2. EDP Parties -EDebitPay, LLC; Platinum Online Group, LLC d/b/a Premier Membership Clubs; and clickXchange Media (corporate entities *1221together, the "EDP Entities"). Also included are individual Defendants Dale Paul Cleveland and William R. Wilson.2
3. iStream Parties -iStream Financial Services, Inc., along with Kris Axberg and Richard Joachim.

In its Complaint, the FTC alleges violations of the Federal Trade Commission Act ("FTC Act"), 15 U.S.C. §§ 53(b) and 57b, the Restore Online Shoppers' Confidence Act ("ROSCA"), 15 U.S.C. § 8401 et seq. , and the Telemarketing and Consumer Fraud and Abuse Prevention Act ("Telemarketing Act"), 15 U.S.C. §§ 6101 - 6108 [Doc. 223 ¶ 1]. The Complaint describes a scheme by which Defendants acquired the financial information of subprime customers and made unauthorized debits to their bank accounts to pay for online coupons that went largely unused [Doc. 223 ¶ 43-45]. The EDP Parties operated this scheme from July 2010 to September 2013 [Doc. 223 ¶ 25] before selling the operation to the Hornbeam parties, which operated the scheme until June 2016 [Doc. 223 ¶ 32-33]. Throughout this time, the iStream Parties played an essential role in the scheme, providing payment processing to the other Defendants despite knowing about high return rates for electronic checks and frequent customer complaints [Doc. 223 ¶ 83-99].
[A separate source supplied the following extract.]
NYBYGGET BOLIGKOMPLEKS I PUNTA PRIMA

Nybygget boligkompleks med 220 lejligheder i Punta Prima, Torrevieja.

In its Complaint, FTC alleges facts and circumstances which demonstrate the ongoing nature of Defendants' activities. Prior to this current action, the EDP Parties had been under FTC scrutiny in another matter. After resolving the conflict with a stipulated order, the EDP Parties were held in contempt after the court found they violated the order and continued the illegal activity from at least the day of the order [Doc. 223 ¶¶ 50-53]. Similarly, the EDP Parties settled investigations into their scheme from the states of Oregon and Iowa [Doc. 223 ¶¶ 142-43, 148, 186], yet continued to operate the scheme. After selling the operation to the Hornbeam Parties, Wilson formed a new company, AdMediary, LLC, which began targeting the financial information of subprime customers and recruiting employees from the EDP Parties and Hornbeam Parties [Doc. 223. ¶¶ 194-99, 265].
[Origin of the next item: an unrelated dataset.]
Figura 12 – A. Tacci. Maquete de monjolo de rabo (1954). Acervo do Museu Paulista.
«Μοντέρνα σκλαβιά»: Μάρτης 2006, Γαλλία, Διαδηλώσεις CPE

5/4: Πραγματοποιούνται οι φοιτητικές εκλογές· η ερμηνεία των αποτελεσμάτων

Likewise, after purchasing the operation with full knowledge of its practices and the legal scrutiny that it was under, the Hornbeam Parties continued to operate the scheme and worked to prolong it [Doc. 223 ¶¶ 225-25, 234-37, 310]. They made fake transactions to mask high return rates, sought a new processing bank, and only stopped the scheme when their replacement bank stopped cooperating [Doc. 223 ¶¶ 344-45].
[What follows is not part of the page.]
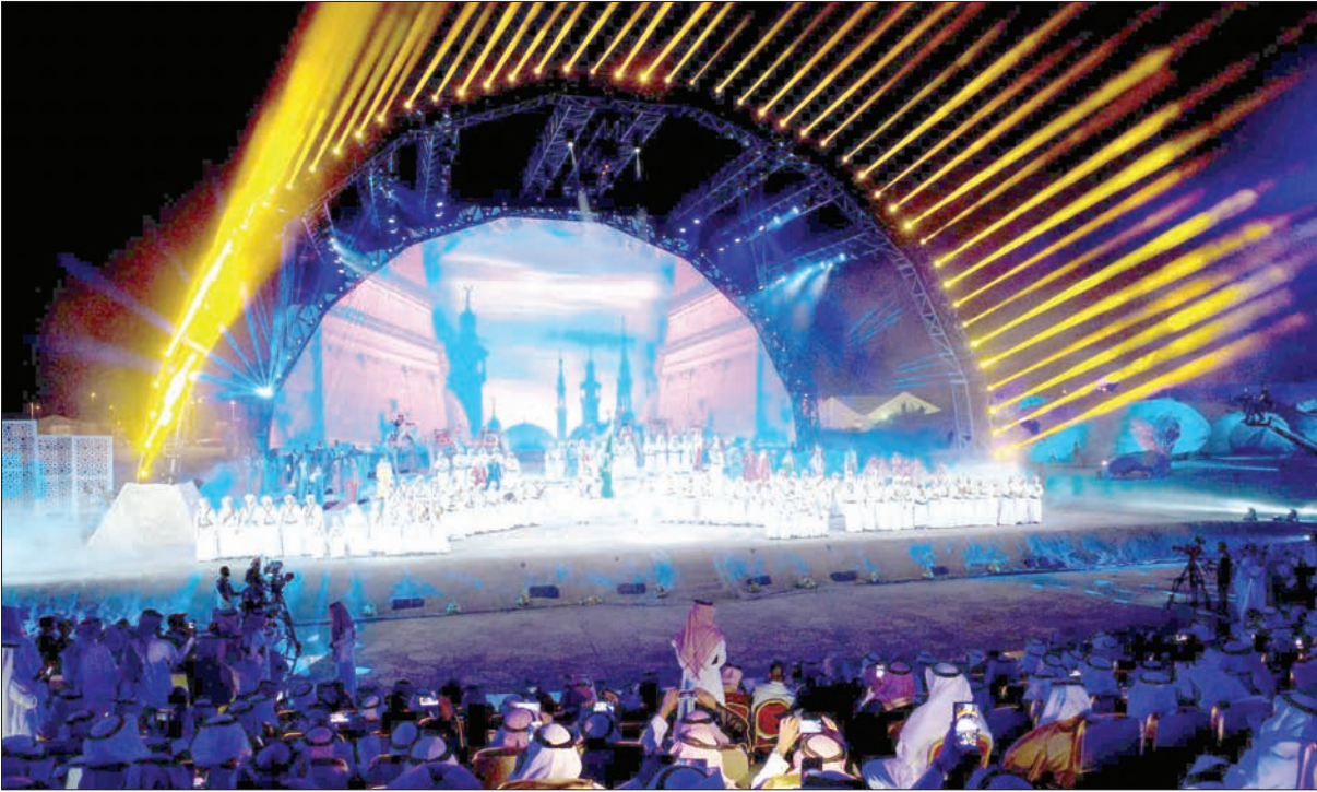
تحت رعاية خادم الحرمين الشريفين... أمير منطقة مكة المكرمة يفتتح الدورة الـ 11 لسوق عكاظ (واس)

Finally, the iStream Parties continued working with the EDP Parties and Hornbeam Parties despite knowing about the high return rates [Doc. 223 ¶¶ 109, 243, 467-80] and the legal scrutiny [Doc. 223¶¶ 476-77, 480]. They helped the Hornbeam Parties find a new processing bank and maintain its relationship with the main processing bank, and they approved accounts the Hornbeam Parties used to mask high return rates [Doc. 223 ¶¶ 579-83]. Additionally, iStream continues to provide payment processing services to a variety of customers [Doc. 223 ¶ 594].

II. LEGAL STANDARD

Under Federal Rule of Civil Procedure 8(a)(2), a complaint must provide "a short and plain statement of the claim showing that the pleader is entitled to relief[.]" This pleading standard does not *1222require "detailed factual allegations," but it does demand "more than an unadorned, the-defendant-unlawfully-harmed-me accusation." Chaparro v. Carnival Corp., 693 F.3d 1333, 1337 (11th Cir. 2012) (quoting Ashcroft v. Iqbal, 556 U.S. 662, 678, 129 S.Ct. 1937, 173 L.Ed.2d 868 (2009) ).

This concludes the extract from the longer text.